→ Data shown
▬▬▬▬▬▬▬▬▬▬

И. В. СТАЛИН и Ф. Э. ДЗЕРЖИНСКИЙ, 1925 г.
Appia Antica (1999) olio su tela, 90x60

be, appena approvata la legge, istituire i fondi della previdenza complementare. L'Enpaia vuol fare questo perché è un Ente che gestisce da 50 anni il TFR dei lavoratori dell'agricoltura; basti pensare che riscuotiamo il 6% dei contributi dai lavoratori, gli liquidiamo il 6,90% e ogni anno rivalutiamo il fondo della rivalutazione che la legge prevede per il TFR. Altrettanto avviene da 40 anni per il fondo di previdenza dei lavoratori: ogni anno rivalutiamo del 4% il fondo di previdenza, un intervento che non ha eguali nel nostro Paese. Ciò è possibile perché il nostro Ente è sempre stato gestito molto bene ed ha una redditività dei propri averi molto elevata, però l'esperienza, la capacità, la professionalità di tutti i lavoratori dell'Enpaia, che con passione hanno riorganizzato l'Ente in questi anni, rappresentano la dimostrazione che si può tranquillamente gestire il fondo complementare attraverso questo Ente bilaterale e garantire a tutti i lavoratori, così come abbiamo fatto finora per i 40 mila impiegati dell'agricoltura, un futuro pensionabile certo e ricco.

▬▬▬▬▬▬▬▬▬▬

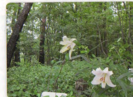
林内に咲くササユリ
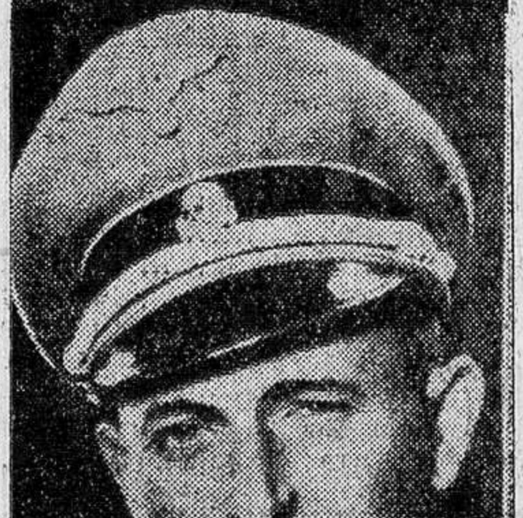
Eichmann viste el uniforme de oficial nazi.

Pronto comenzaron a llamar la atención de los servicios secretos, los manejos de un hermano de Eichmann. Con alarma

▬▬▬▬▬▬▬▬▬▬

→ Task to carry out
Please copy, exactly as written, every line in the listing above from the line with "Eichmann viste el uniforme de oficial nazi." up to and including the line with "Pronto comenzaron a".

→ Reply
Eichmann viste el uniforme de oficial nazi.

Pronto comenzaron a llamar la atención de los servicios secretos, los manejos de un hermano de Eichmann. Con alarma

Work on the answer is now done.